Using the data below, restate exactly every line from the one with "Cultural Quarter; a" up to and including the one with "Здравствуйте. БК просит". No picture belongs in it.

── RECORD EXCERPTS ──

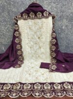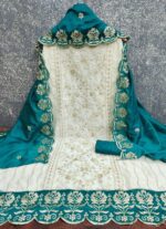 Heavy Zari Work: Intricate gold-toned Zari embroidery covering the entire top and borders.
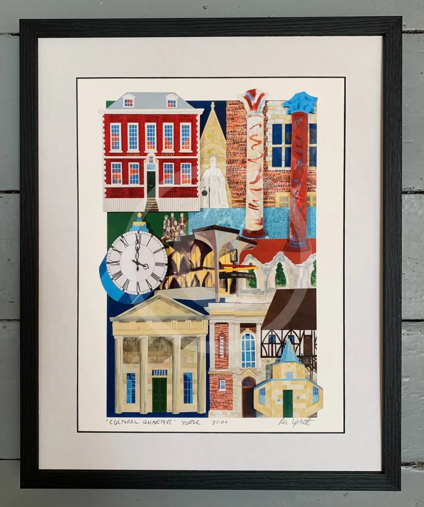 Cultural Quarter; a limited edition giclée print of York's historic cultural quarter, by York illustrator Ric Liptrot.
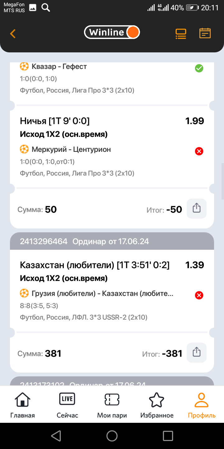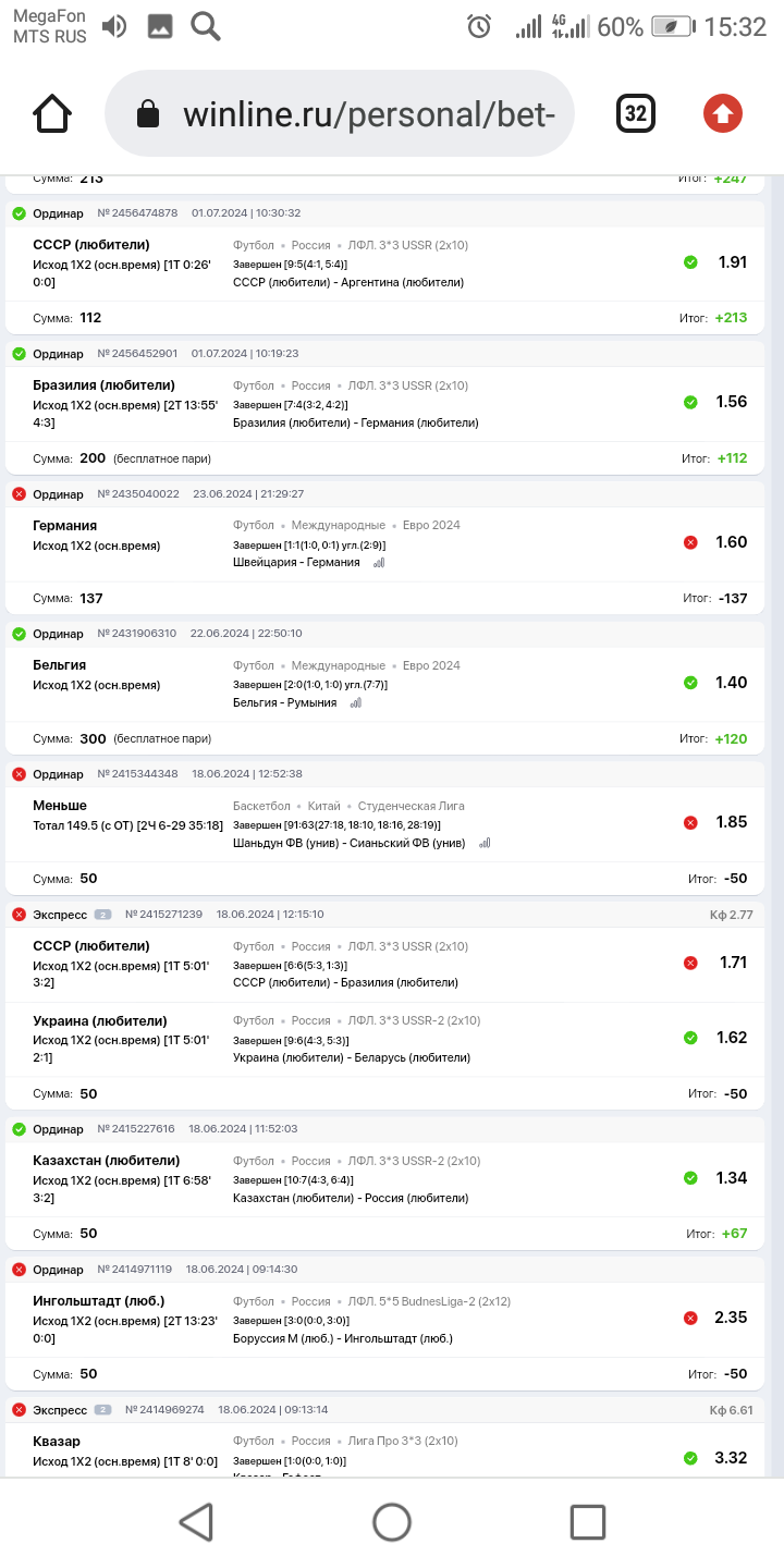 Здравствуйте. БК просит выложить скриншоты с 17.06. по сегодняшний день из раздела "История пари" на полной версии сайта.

───
── RECORD EXCERPTS ──

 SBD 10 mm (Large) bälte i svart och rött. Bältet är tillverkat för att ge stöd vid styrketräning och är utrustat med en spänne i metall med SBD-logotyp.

───

### ANSWER TO THIS TASK
 Cultural Quarter; a limited edition giclée print of York's historic cultural quarter, by York illustrator Ric Liptrot.
 Здравствуйте. БК просит выложить скриншоты с 17.06. по сегодняшний день из раздела "История пари" на полной версии сайта.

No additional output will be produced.